You measure 100-meter running times for a representative sample of 560 college students. Your data are normally distributed with a couple of outliers on either end. Most values are centered around the middle, as expected. But these extreme values also represent natural variations because a variable like running time is influenced by many other factors.

 

True outliers are also present in variables with skewed distributions where many data points are spread far from the mean in one direction. It’s important to select appropriate statistical tests or measures when you have a skewed distribution or many outliers.

 

Four ways to find Outliers

You can choose from several methods to detect outliers depending on your time and resources.

You can sort quantitative variables from low to high and scan for extremely low or extremely high values. Flag any extreme values that you find.

This is a simple way to check whether you need to investigate certain data points before using more sophisticated methods.

 

Example: Sorting method


Your dataset for a pilot experiment consists of 8 values.

180 156 9 176 163 1827 166 171

You sort the values from low to high and scan for extreme values.

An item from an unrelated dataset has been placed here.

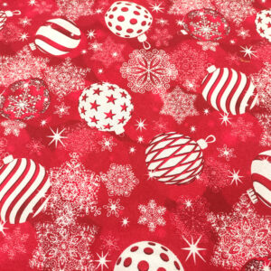 €7,00Il prezzo originale era: €7,00.€5,00Il prezzo attuale è: €5,00. al metroTessuto Misto Cotone decorativo natalizio motivo sfere rosso – bianco
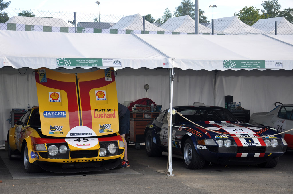 Alors que le plateau 1 se met ensuite en place, nous refaisons un tour du côté des paddocks. Nouveauté au milieu du plateau 5, cette Ford GT ayant couru au Mans cette année, accompagnée d'une GT40 Mk II orginale, aux couleurs du vainqueur de 1966. Les autres voitures, ayant couru, ne sont plus aussi rutilantes et portent les traces de la course.

9 156 163 166 171 176 180 1872


 

You can use software to visualize your data with a box plot, or a box-and-whisker plot, so you can see the data distribution at a glance. This type of chart highlights minimum and maximum values (the range), the median, and the interquartile range for your data.

Many computer programs highlight an outlier on a chart with an asterisk, and these will lie outside the bounds of the graph.

 

Statistical outlier detection involves applying statistical tests or procedures to identify extreme values.

By standardizing the data, you can convert extreme data points into z scores that tell you how many standard deviations away they are from the mean.

If a value has a high enough or low enough z score, it can be considered an outlier. As a rule of thumb, values with a z score greater than 3 or less than –3 are often determined to be outliers.

 

The interquartile range (IQR) tells you the range of the middle half of your dataset. You can use the IQR to create “fences” around your data and then define outliers as any values that fall outside those fences.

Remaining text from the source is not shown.